**TO DO**
Give again, unaltered, the lines of the listing below that run from the line having "规则二:消息在 ProcessQueue 中实际上维护的是一个" through the line having "随着哨声响起,师生拔河赛火热".

=== RECORD EXTRACTS ===

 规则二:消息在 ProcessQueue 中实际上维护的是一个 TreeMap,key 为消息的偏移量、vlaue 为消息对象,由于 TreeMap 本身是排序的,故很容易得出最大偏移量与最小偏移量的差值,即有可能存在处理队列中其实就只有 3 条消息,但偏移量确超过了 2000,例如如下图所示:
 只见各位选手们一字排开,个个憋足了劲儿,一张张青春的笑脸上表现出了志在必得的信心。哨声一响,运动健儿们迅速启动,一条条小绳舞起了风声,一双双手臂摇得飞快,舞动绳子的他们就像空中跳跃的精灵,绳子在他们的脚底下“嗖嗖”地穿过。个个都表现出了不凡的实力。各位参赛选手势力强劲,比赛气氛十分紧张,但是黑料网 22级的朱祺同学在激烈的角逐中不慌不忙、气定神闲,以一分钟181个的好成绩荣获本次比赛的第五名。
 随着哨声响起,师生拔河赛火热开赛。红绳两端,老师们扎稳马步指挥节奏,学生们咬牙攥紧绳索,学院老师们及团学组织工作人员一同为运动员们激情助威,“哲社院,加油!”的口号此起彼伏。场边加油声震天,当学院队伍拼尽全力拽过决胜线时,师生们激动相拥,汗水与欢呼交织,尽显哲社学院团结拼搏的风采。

===
=== RECORD EXTRACTS ===

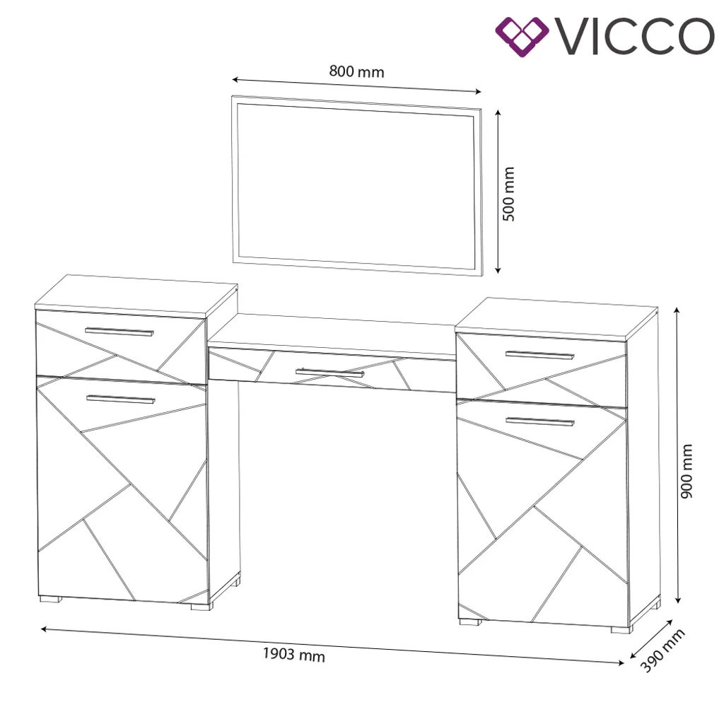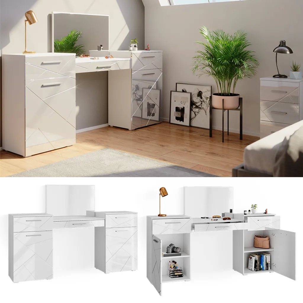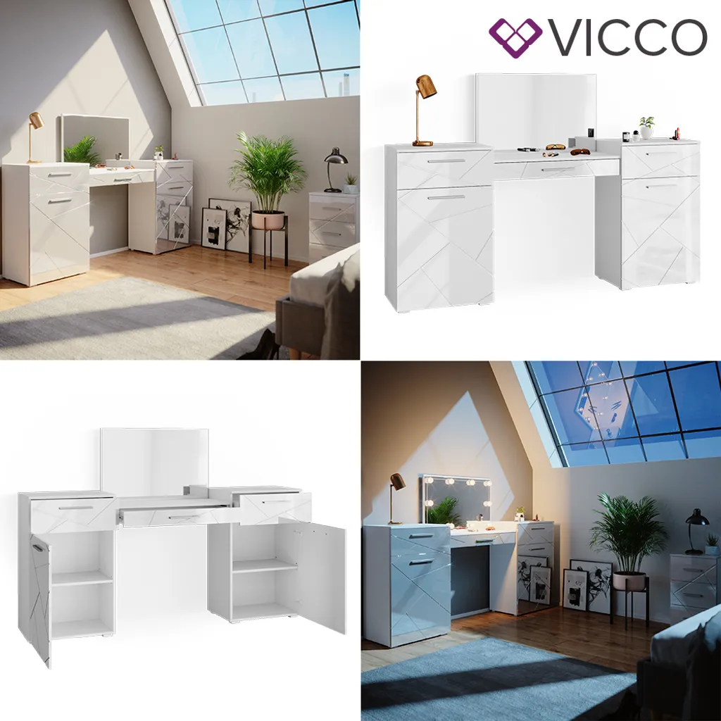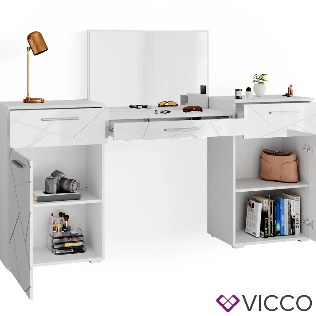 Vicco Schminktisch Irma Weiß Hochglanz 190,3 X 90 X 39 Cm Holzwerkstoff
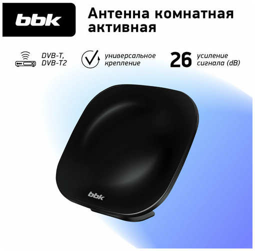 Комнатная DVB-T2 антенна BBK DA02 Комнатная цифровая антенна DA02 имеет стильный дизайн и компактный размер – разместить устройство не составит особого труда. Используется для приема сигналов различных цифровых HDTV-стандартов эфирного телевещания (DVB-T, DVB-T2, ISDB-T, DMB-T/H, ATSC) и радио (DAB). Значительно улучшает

===
=== RECORD EXTRACTS ===

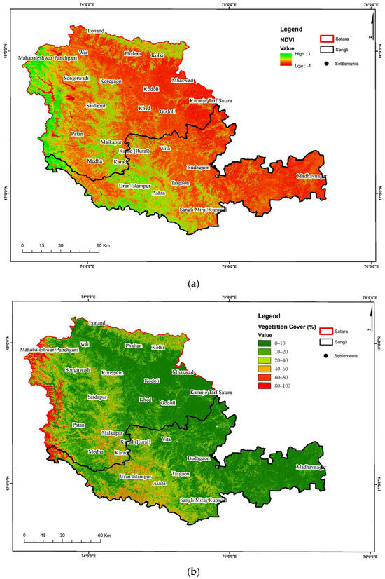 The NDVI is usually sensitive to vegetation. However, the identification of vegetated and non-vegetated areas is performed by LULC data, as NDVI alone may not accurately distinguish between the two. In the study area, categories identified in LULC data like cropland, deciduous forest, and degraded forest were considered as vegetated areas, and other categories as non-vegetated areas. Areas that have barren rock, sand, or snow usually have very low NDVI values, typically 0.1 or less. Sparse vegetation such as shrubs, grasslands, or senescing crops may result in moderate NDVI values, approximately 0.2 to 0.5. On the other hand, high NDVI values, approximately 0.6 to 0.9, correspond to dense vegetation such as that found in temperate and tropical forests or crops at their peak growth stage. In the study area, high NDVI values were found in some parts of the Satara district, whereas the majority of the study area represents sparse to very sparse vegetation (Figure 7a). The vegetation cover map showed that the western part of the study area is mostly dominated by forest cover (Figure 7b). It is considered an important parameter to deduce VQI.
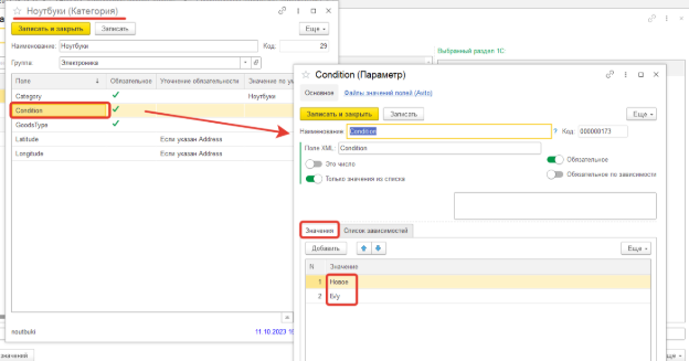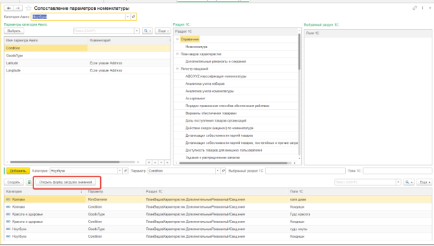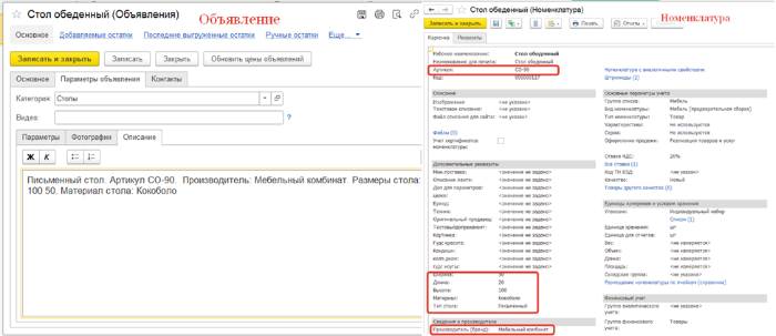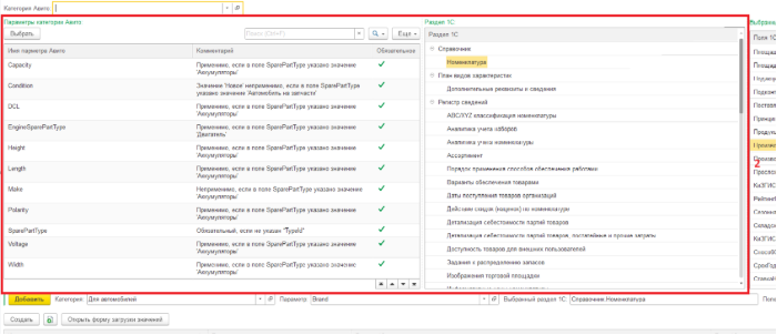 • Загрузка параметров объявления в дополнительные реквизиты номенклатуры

===

**TASK RESULT**
 规则二:消息在 ProcessQueue 中实际上维护的是一个 TreeMap,key 为消息的偏移量、vlaue 为消息对象,由于 TreeMap 本身是排序的,故很容易得出最大偏移量与最小偏移量的差值,即有可能存在处理队列中其实就只有 3 条消息,但偏移量确超过了 2000,例如如下图所示:
 只见各位选手们一字排开,个个憋足了劲儿,一张张青春的笑脸上表现出了志在必得的信心。哨声一响,运动健儿们迅速启动,一条条小绳舞起了风声,一双双手臂摇得飞快,舞动绳子的他们就像空中跳跃的精灵,绳子在他们的脚底下“嗖嗖”地穿过。个个都表现出了不凡的实力。各位参赛选手势力强劲,比赛气氛十分紧张,但是黑料网 22级的朱祺同学在激烈的角逐中不慌不忙、气定神闲,以一分钟181个的好成绩荣获本次比赛的第五名。
 随着哨声响起,师生拔河赛火热开赛。红绳两端,老师们扎稳马步指挥节奏,学生们咬牙攥紧绳索,学院老师们及团学组织工作人员一同为运动员们激情助威,“哲社院,加油!”的口号此起彼伏。场边加油声震天,当学院队伍拼尽全力拽过决胜线时,师生们激动相拥,汗水与欢呼交织,尽显哲社学院团结拼搏的风采。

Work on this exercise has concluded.